I understand that unlike in chapter 04, the discriminator / critic does not produce a value between 0 and 1 from which we can calculate the loss (namely 1 - prediction for real images from the training dataset and simply prediction for those made by the generator).
Instead, the critic produces a higher value for images classified as "more real" and a lower (negative) value classified as "more fake".
Thanks a lot for your feedback.
I found some possible explanations here: https://machinelearningmastery.com/how-to-implement-wasserstein-loss-for-generative-adversarial-networks/
In the case of the generator, a larger score from the critic will result in a smaller loss for the generator, encouraging the critic to output larger scores for fake images. For example, an average score of 10 becomes -10, an average score of 50 becomes -50, which is smaller, and so on.
I think this is consistent with: loss_gen = -torch.mean(gen_fake)
In the case of the critic, a larger score for real images results in a larger resulting loss for the critic, penalizing the model. This encourages the critic to output smaller scores for real images. For example, an average score of 20 for real images and 50 for fake images results in a loss of -30; an average score of 10 for real images and 50 for fake images results in a loss of -40, which is better, and so on.
In the formula used in the book, the resulting loss has a negative sign, so the statement would be inverted I think:
loss_critic=-(torch.mean(critic_real) - torch.mean(critic_fake))
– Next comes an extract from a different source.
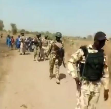 Following the worsening insecurity in the nation and the incessant abduction of school students by bandits, a troop of soldiers were filmed accompanying children to school in North-Eastern Nigeria.

Hi, @tobiasschweizer: Good question. It all starts with the critic() function, which is defined on page 107 as
critic=Critic(img_channels+2,features).to(device)
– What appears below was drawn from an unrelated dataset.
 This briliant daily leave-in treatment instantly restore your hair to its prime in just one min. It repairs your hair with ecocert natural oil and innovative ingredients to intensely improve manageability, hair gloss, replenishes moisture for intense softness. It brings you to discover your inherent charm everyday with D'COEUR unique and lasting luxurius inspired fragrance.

The critic takes in an image, and produces a score between -infinity and infinity: the critic's job is to give a real image a high score (ideally infinity) and a fake image a low score (ideally -infinity).
On page 111, you'll see that we define critic_real = critic(real).reshape(-1) critic_fake = critic(fake).reshape(-1)
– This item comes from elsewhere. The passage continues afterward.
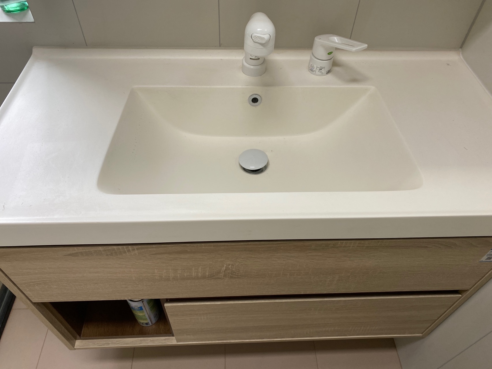 台面没有商家展示的那么白,人造石的,没有陶瓷的好用

that is, critic_real is the critic's score assigned to a real image, and critic_fake is the critic's score assigned to the fake image. By minimizing loss_critic=-(torch.mean(critic_real) - torch.mean(critic_fake)), the critic is minimizing critic_fake and maximizing critic_real.
For the generator, we define gen_fake = critic(fake).reshape(-1), which is the critic's score on a piece of fake image. The generator is minimizing loss_gen = -torch.mean(gen_fake), which is to say the generator is trying to maximize the score produced by the critic on the fake image.
Hope this helps.
BTW, all the formulas in the book related to our discussion here are correct.
Hi @markhliu,
Thanks for your explanation.
If I may, let me summarize the critic's loss: The higher the score for the real image and the lower the score for the fake image, the bigger the resulting difference (a large positive number) becomes. The loss is this number with a negative sign, hence the bigger the difference between real and fake scores, the lower the loss.